(Data entries)
--
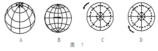 3、填空题 站在昼半球的中心点上空俯视,则所见的地球部分可能为图7中的
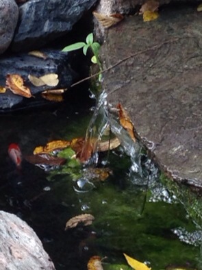 she helped me clean out the freezer and on our way to the garbage I realized that my pond guy had been and had the water running again and I was very happy…
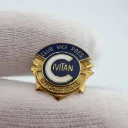 This Civitan International Club Vice President tie tack pin features a prominent ‘Club Vice Pres.’ inscription at the top, with the Civitan logo elegantly displayed in the center. The pin is crafted in gold tone with white and blue enamel accents, representing the values and community service focus of the Civitan organization.
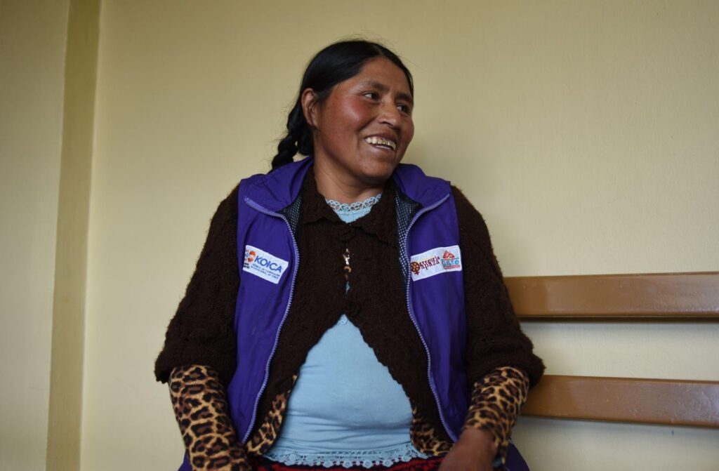 Maruja Copiracona porta el chaleco que identifica a las promotoras comunitarias. El Alto, Bolivia. Foto: Gustavo Ticona
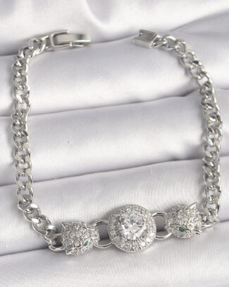 Pirinç Gümüş Renk Zirkon Taşlı Leopar Figür Zincir Model Kadın Bileklik
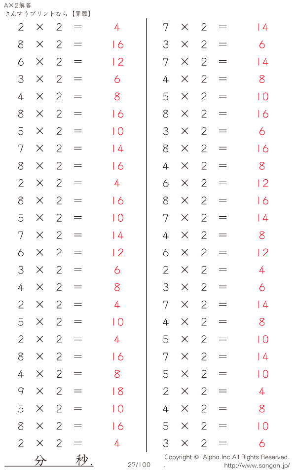 算数計算問題 A×2のPDFプリント [解答]027/100
--
DIRECTIONS →
The stretch above running from the line with "she helped me" through the line with "This Civitan International" is all you should copy, exactly, leaving out the pictures.

SOLVED PROBLEM →
 she helped me clean out the freezer and on our way to the garbage I realized that my pond guy had been and had the water running again and I was very happy…
 This Civitan International Club Vice President tie tack pin features a prominent ‘Club Vice Pres.’ inscription at the top, with the Civitan logo elegantly displayed in the center. The pin is crafted in gold tone with white and blue enamel accents, representing the values and community service focus of the Civitan organization.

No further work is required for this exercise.